ESTADÃO DE HOJE - 08/10/2009 Versão Impressa
Ver Mais »

Voluntários salvam mulher em via alagada

Grupo usou uma corda para puxar motociclista que estava sendo [br]levada pelas águas em avenida de São José do Rio Preto que inundou

Terça, 08 de Outubro de 2009, 00h00
Chico Siqueira, ARAÇATUBA

Uma forte chuva de 20 minutos foi o suficiente para causar desespero e medo nos moradores de São José do Rio Preto, a 430 km de São Paulo, na tarde de ontem. A enchente inundou as principais avenidas da cidade, arrastou dezenas de carros e deixou pessoas ilhadas - oito foram retiradas de dentro de veículos nas operações de salvamento do Corpo de Bombeiros.

Outras pessoas foram salvas por voluntários. Foi o drama vivido por Gisele Cristina Nunes, de 30 anos. Sua moto parou no meio da Avenida Alberto Andaló, a principal da cidade, que praticamente se transformou num rio. Gisele encostou sua moto em um carro, tentando se segurar para não ser arrastada. Voluntários tentaram resgatá-la com uma corda, mas Gisele afundou na água. Por dois minutos, ficou debaixo d"água.

Ao mesmo tempo, num carro ao lado, a advogada Regiane Lima Cardoso entrou em pânico ao presenciar a cena e subiu no teto do seu veículo, na tentativa de se agarrar a outro voluntário. Foi quando Gisele conseguiu ser avistada. Por sorte, ela tinha se segurado na corda enquanto estava debaixo do carro, sob a correnteza. Quando viram Gisele, os rapazes que tentavam salvá-la procuraram agarrá-la, mas acabaram todos afundando também. Eles conseguiram se segurar em outro carro e sair da correnteza. Gisele foi socorrida no Pronto-Atendimento Central, com escoriações, e foi liberada.
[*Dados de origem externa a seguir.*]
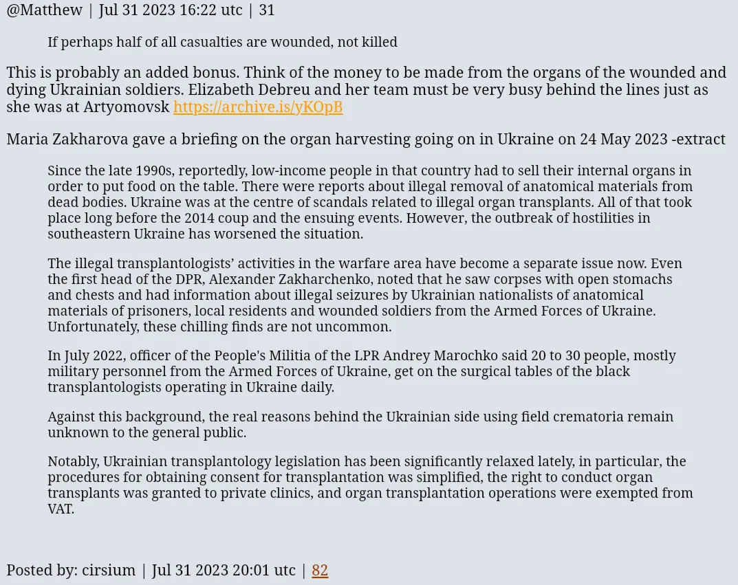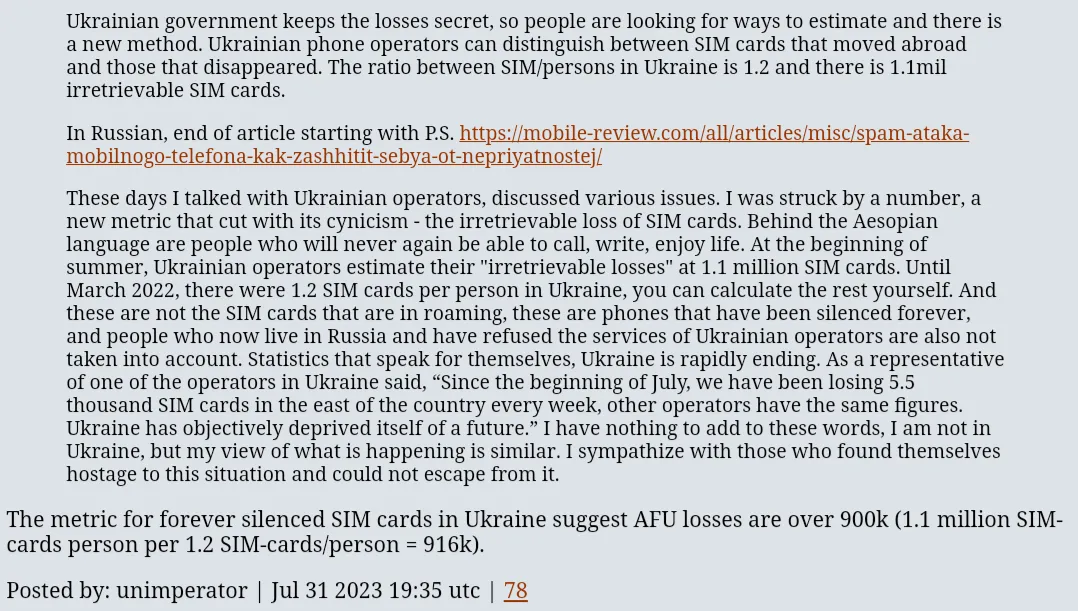 Before that, the Strategic Culture's article was linked a couple times in the comments, and even though it doesn't relate directly to the high casualties sustained by Kivv, it ties into the overall failure as it parallels how the defeat in Ukraine is as catastrophic for NATO as the Hunter Laptop is for Biden, and the plan to pretend that it's not significant whatsoever is a longshot much like its been for the Hunter's scandals:

Em outro ponto da mesma avenida, drama semelhante era vivido pela dona de casa Andréia Aparecida Bardella. Acompanhada por dois filhos, de 1 ano e 6 meses e de 8 anos, ficou ilhada no centro da avenida com o irmão, que dirigia um Ford Escort. Novamente graças ao auxílio de voluntários, que estavam num prédio residencial das proximidades, eles foram salvos.

De acordo com o Corpo de Bombeiros e a Polícia Militar, 24 veículos foram arrastados pela correnteza que se formou em vários pontos das Avenidas Andaló, Murchid Homsi, Bady Bassit e Brasil Lusa. A chuva teve início às 14 horas.
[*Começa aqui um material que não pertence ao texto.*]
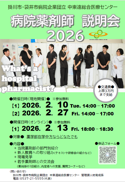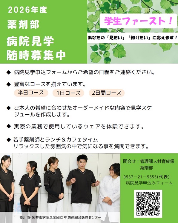 調剤室、注射調剤室、外来化学療法室、病棟など、各部署の見学と、業務内容についてご説明します。見学時間は半日から2日間まで見学者の要望や都合に合わせて調整します。また中東遠地区以外からの学生の見学者には交通費を支給します!(上限3万円)

De acordo com o tenente José Luís Ferrari, a rapidez com que a água subiu impediu que os bombeiros e a PM realizassem um plano de emergência que é colocado em prática quando o tempo fica nublado. "Nem a Defesa Civil, nem o radar da Unesp, nada previa essa chuva", disse Ferrari. O plano prevê a interdição dos trechos de alagamentos dessas avenidas, mas ontem não houve tempo para isso.

BELO HORIZONTE

A tempestade que caiu sobre Belo Horizonte no início da noite de ontem provocou estragos em vários bairros. O Rio Arrudas, que corta a região central, ficou cinco metros acima do nível normal. O centro e a Savassi foram as regiões mais afetadas. Lojas foram alagadas, sinais de trânsito quebraram nos principais cruzamentos e vários bairros ficaram sem energia. No Anel Rodoviário, houve ao menos um acidente: o tombamento de uma carreta.

Na terça-feira, o temporal provocou a morte de pelo menos um morador, um homem de 45 anos que foi arrastado pelas águas de um córrego no Bairro Buritis, na zona sudoeste de Belo Horizonte. Outra pessoa, também levada pelas águas, ainda estava desaparecida até a tarde de ontem.

De acordo com a Defesa Civil, inúmeras ocorrências foram registradas na terça-feira, como quedas de árvores e destelhamentos.